**What the exercise asks**:
Of the lines listed below, return exactly those that run from the line containing "Photo taken on" through the line containing "Bee larva cleaning", both included.

Exercise material START

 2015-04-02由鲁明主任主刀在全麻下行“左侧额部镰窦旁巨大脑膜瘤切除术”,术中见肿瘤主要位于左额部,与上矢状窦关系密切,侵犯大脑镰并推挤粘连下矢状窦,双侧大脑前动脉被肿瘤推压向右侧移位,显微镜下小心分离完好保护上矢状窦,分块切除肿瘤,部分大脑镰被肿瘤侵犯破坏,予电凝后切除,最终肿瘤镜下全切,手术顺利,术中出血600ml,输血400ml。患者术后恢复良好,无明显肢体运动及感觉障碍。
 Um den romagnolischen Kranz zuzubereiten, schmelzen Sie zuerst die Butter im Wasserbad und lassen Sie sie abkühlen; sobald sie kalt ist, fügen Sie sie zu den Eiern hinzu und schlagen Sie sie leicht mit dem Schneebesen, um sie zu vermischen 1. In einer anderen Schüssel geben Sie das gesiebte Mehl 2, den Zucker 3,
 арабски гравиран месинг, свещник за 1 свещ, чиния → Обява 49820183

Exercise material END
Exercise material START

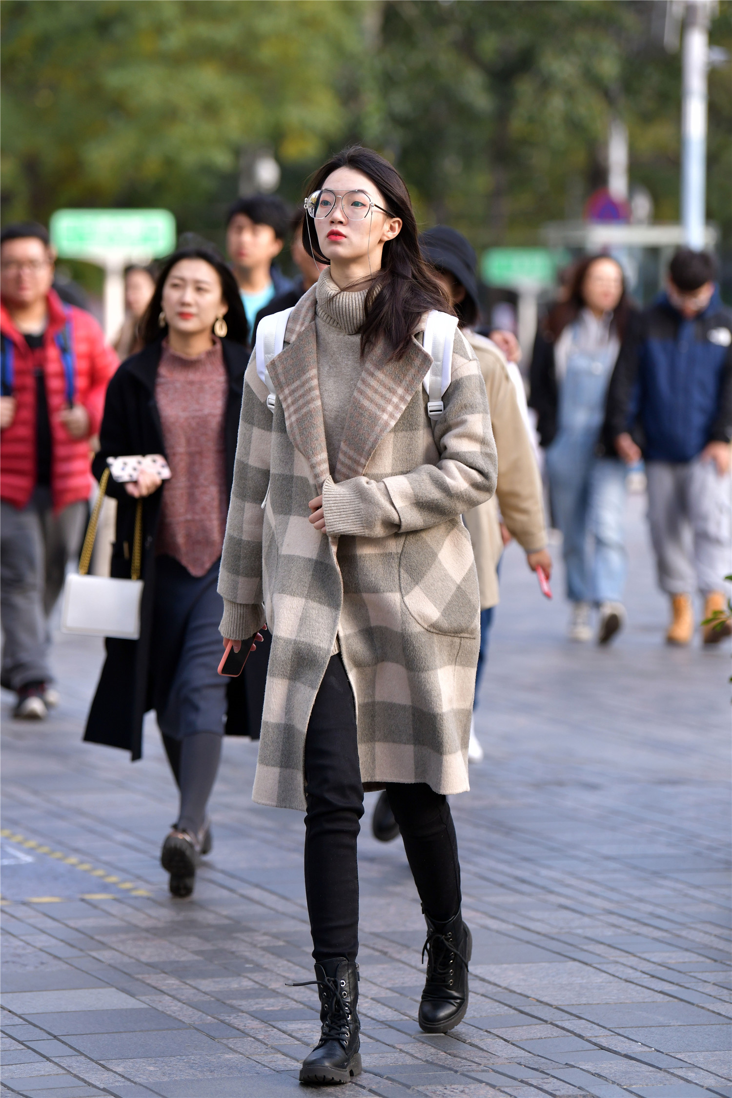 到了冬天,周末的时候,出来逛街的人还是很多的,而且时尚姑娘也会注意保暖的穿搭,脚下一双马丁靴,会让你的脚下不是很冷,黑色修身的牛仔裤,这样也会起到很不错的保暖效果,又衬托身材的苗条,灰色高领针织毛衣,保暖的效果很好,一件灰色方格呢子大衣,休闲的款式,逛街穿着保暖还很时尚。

Exercise material END
Exercise material START

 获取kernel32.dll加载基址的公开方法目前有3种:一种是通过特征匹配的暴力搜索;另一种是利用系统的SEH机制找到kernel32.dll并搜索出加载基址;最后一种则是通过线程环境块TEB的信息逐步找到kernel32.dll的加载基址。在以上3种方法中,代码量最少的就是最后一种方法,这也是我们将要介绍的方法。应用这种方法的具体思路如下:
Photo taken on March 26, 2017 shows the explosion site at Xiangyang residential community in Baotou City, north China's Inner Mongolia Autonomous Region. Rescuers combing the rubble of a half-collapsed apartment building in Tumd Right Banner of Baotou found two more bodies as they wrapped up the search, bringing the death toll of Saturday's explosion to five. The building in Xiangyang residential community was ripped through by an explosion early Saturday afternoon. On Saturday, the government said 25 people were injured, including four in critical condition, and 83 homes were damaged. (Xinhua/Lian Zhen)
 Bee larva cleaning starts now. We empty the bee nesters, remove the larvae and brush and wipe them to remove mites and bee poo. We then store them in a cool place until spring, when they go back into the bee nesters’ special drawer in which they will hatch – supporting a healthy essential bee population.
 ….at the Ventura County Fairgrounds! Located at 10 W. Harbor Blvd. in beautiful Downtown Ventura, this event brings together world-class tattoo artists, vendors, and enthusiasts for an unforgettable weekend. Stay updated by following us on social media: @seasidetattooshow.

Exercise material END

**Answer to the exercise**:
Photo taken on March 26, 2017 shows the explosion site at Xiangyang residential community in Baotou City, north China's Inner Mongolia Autonomous Region. Rescuers combing the rubble of a half-collapsed apartment building in Tumd Right Banner of Baotou found two more bodies as they wrapped up the search, bringing the death toll of Saturday's explosion to five. The building in Xiangyang residential community was ripped through by an explosion early Saturday afternoon. On Saturday, the government said 25 people were injured, including four in critical condition, and 83 homes were damaged. (Xinhua/Lian Zhen)
 Bee larva cleaning starts now. We empty the bee nesters, remove the larvae and brush and wipe them to remove mites and bee poo. We then store them in a cool place until spring, when they go back into the bee nesters’ special drawer in which they will hatch – supporting a healthy essential bee population.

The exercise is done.